A stream of surprises from the Atlantic cod genome
Close to ten years ago, researchers from the Norwegian Institute for Water Research (NIVA) caught "Calvin the Cod" and hauled him out of the cold Arctic waters during an oceanographic expedition to the Barents Sea and the northern coast of Norway and the Lofoten archipelago.
From Lofoten, Calvin’s journey went to NIVA’s research station close to Norway’s capital Oslo. The story could have ended there, but Calvin’s destiny took a sudden twist when researchers from the University of Oslo found him swimming in a tank, killed him with a blow to the head, and took samples from his body home to their big freezer at the Department of Biosciences.
An ordinary cod would have been eaten after being placed in the freezer, but Calvin the Cod instead started a new career. Calvin was in fact a healthy and characteristic representative of the population of skrei, which is the Norwegian term for cod that migrate between feeding grounds in the Barents Sea and spawning areas along the Norwegian coast. Thus, Calvin was chosen for the honorable task of donating his body parts and genes to science.

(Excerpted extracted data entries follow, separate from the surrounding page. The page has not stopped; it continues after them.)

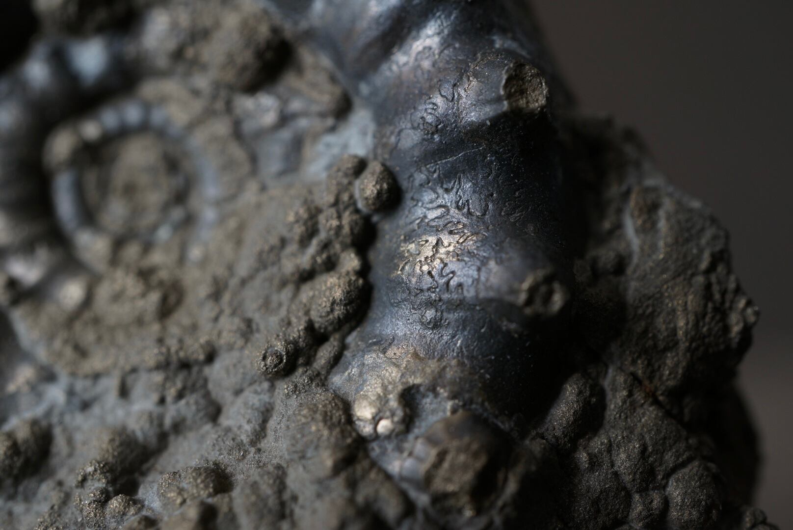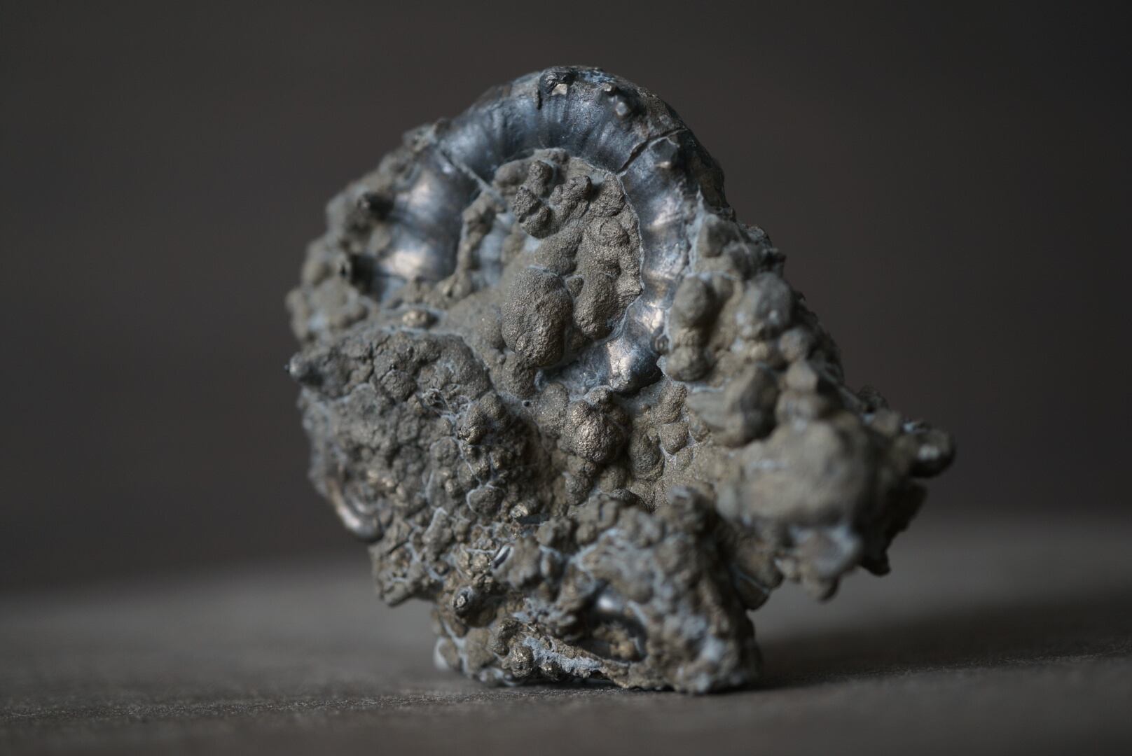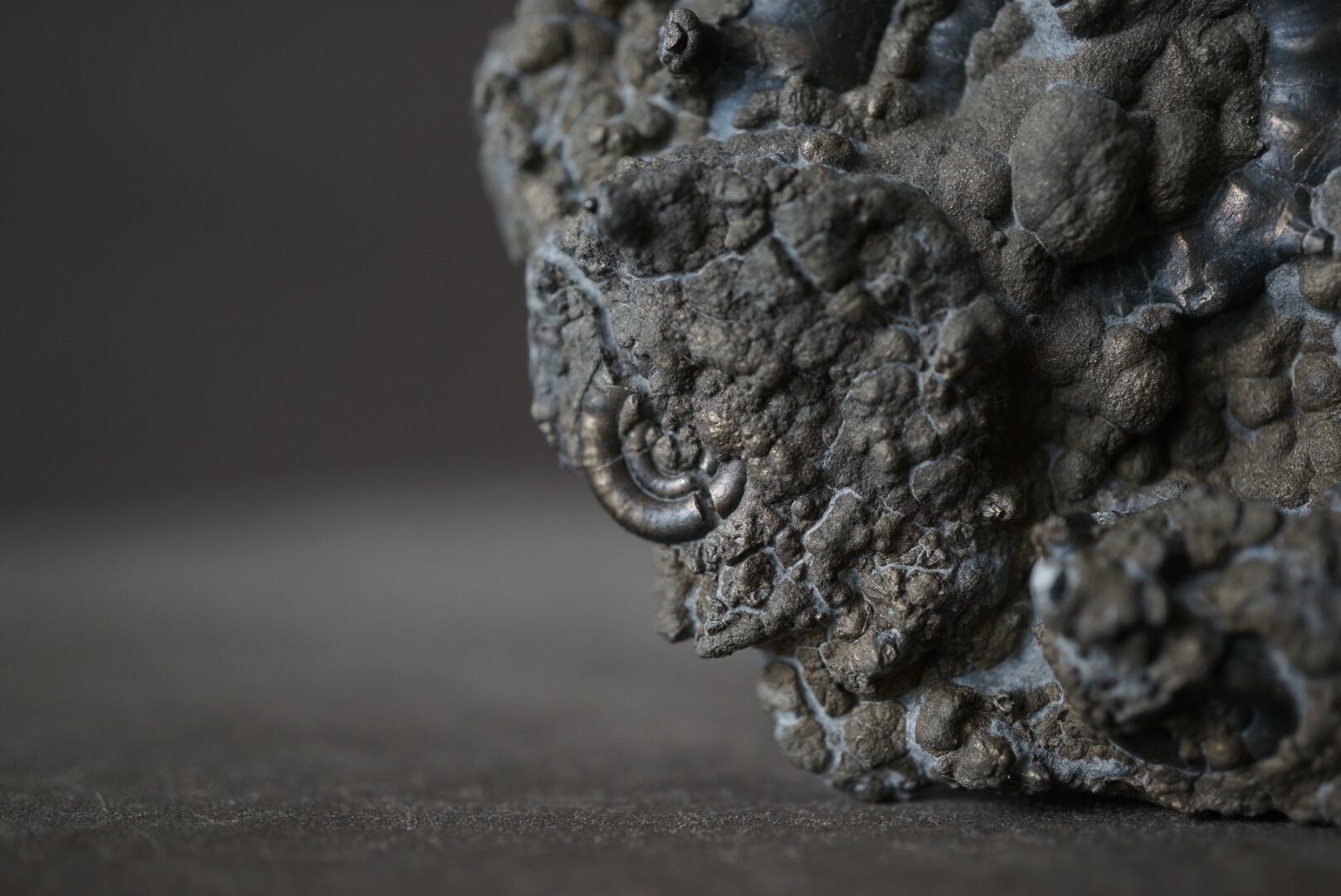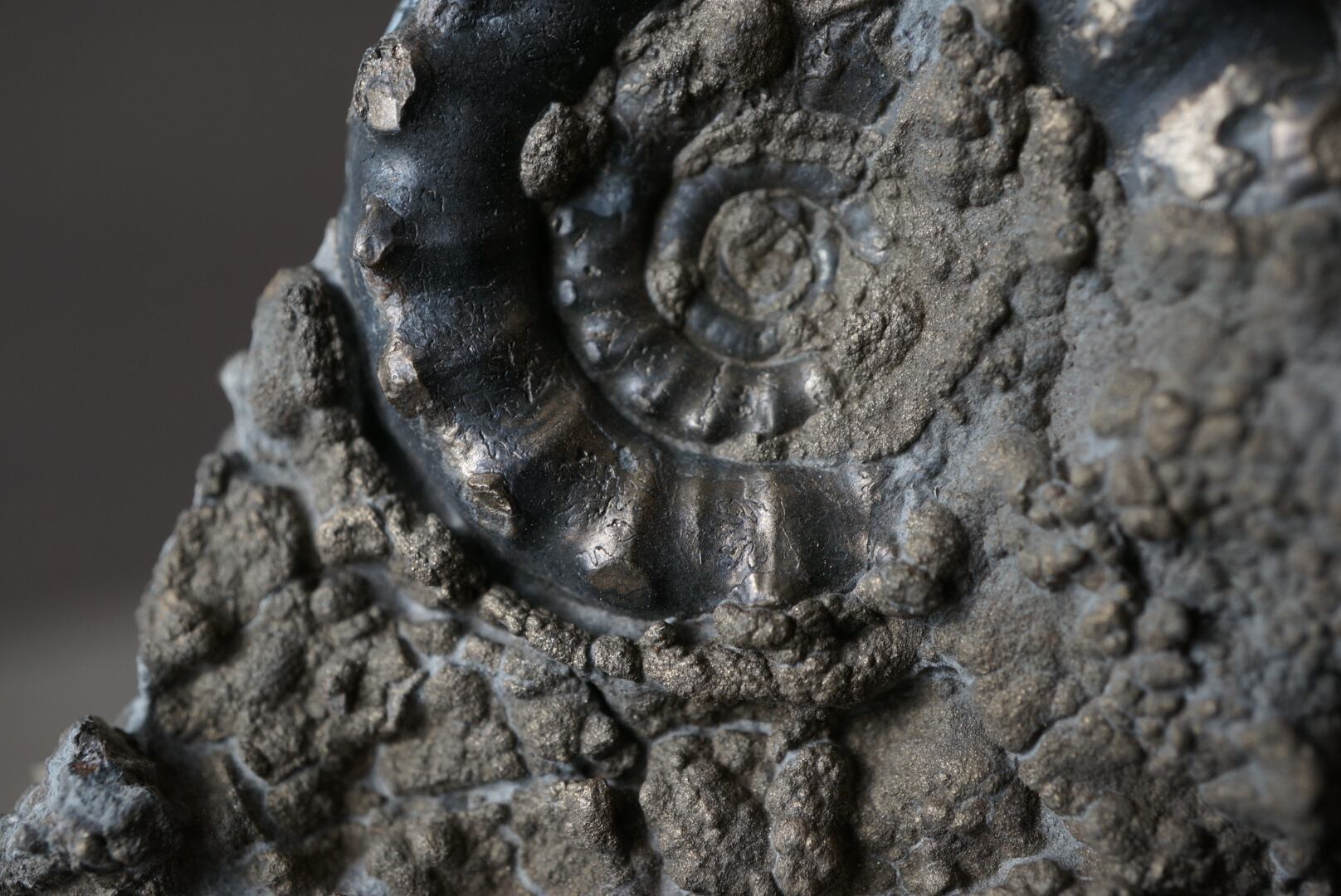 ジュラ紀(約2億130万年前から約1億4550万年前)の海に生息していたアンモナイトの遺骸が、バクテリアによる分解と鉄イオン/硫化物の反応により、黄鉄鉱によって置換され、金属光沢をもつ硬質な物質へと変化したものです。
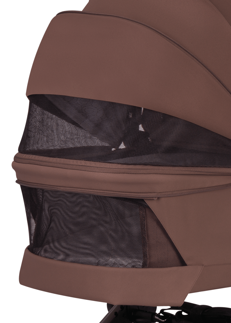 który wspomaga przepływ powietrza podczas spacerów. Budka gondoli oraz siedziska została wykonana z wodoodpornych materiałów z filtrem UPF 50+, dzięki czemu chroni dziecko zarówno przed słońcem, jak i deszczem.
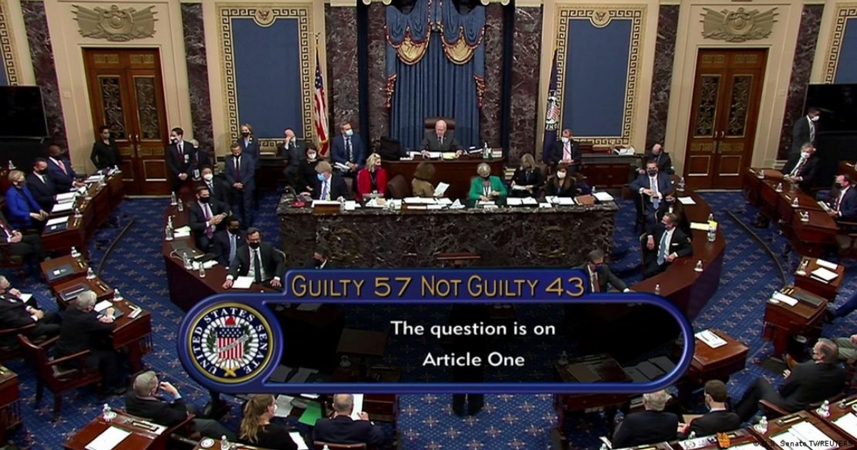 2021年,美国参议院曾经投票表决弹劾特朗普,但参议院的投票结果未能达到定罪所需要的票数,因此特朗普最终被宣告无罪。在100名参议员中有57人投票支持特朗普有罪,其中还包括7名来自共和党的议员。但是根据美国宪法规定,必须要达到三分之二以上的多数票数,才能够判定有罪。因此,弹劾案最终落幕。(图片来源:德国之声)
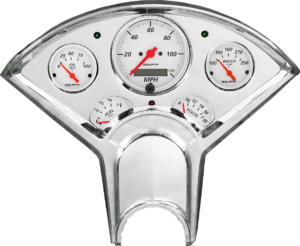 Includes polished aluminum clock insert & Auto Meter 2 1/16″ quartz clock.
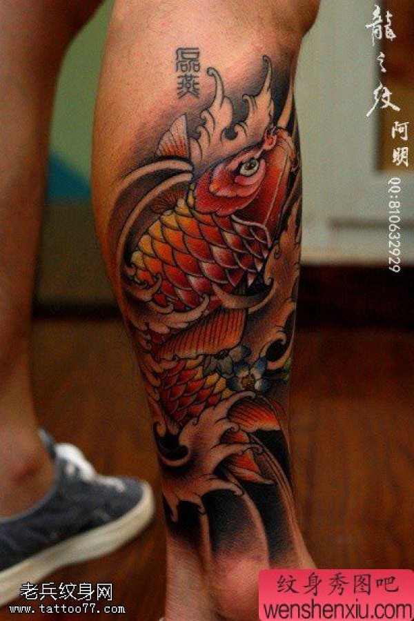 包腿彩色鲤鱼文身作品由文身馆分享
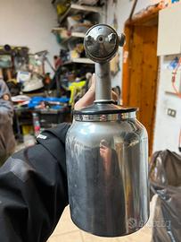 Vendo aerografo professionale con ugello in acciaio inox con serbatoio inferiore. Ha un ammaccatura leggera parte destra.
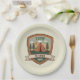 These personalized paper plates feature a scout-style badge with a cozy tent among tall pine trees. The shield-shaped badge showcases a customized name banner. With earthy retro hues, this adventure-ready design is perfect for kids' camping trips, birthdays, or summer camp keepsakes.
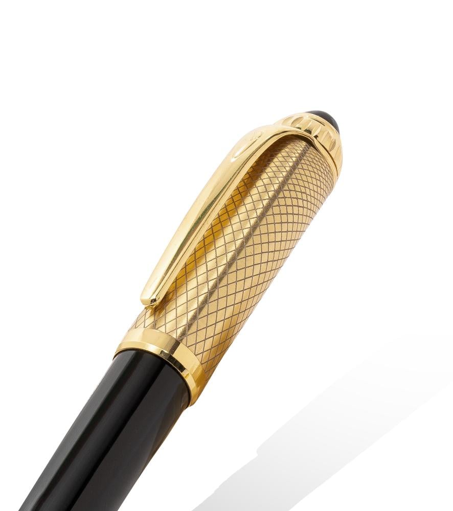 - القلم يأتي باللون الذهبي الراقي وبنقش مميز في الجزء العلوي
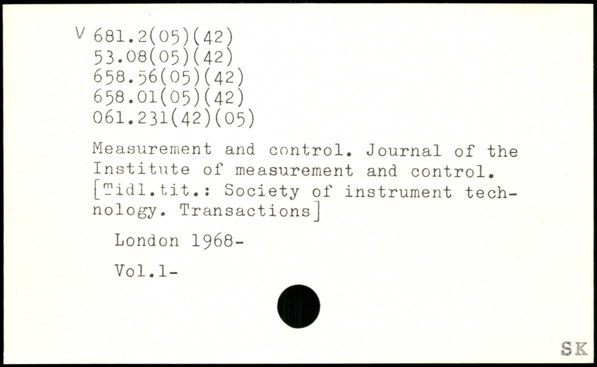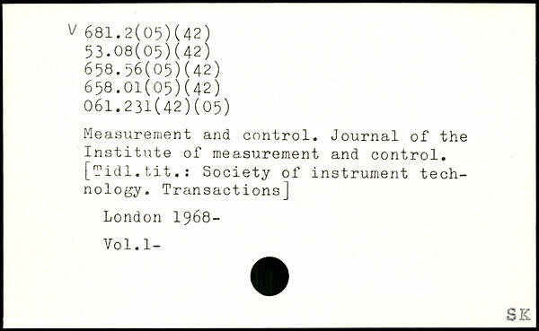 Measurement and control. Journal of the Institute of measurement and control. [Tidl.tit.: Society of instrument technology. Transactions]
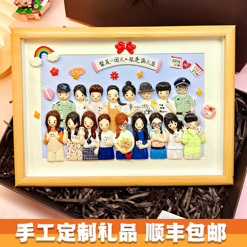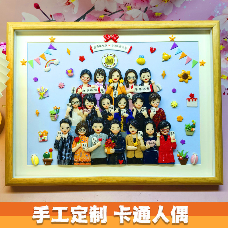 软陶公仔公司团体活动相框卡通人偶多人离职定制礼物手工订作摆件

In 2008, researchers at the University of Oslo initiated a unique project: They wanted to map the genome of a fish of great economic importance, namely Atlantic cod. This project has later become a huge success, and the cod genome researchers have delivered a stream of surprises, based on their studies of Calvin’s genome.
Just to name the two most important discoveries: It made a huge impact when they discovered the strange and unique immune system of cod in 2011, and in 2016 they found a sex gene that can make fish farming more profitable.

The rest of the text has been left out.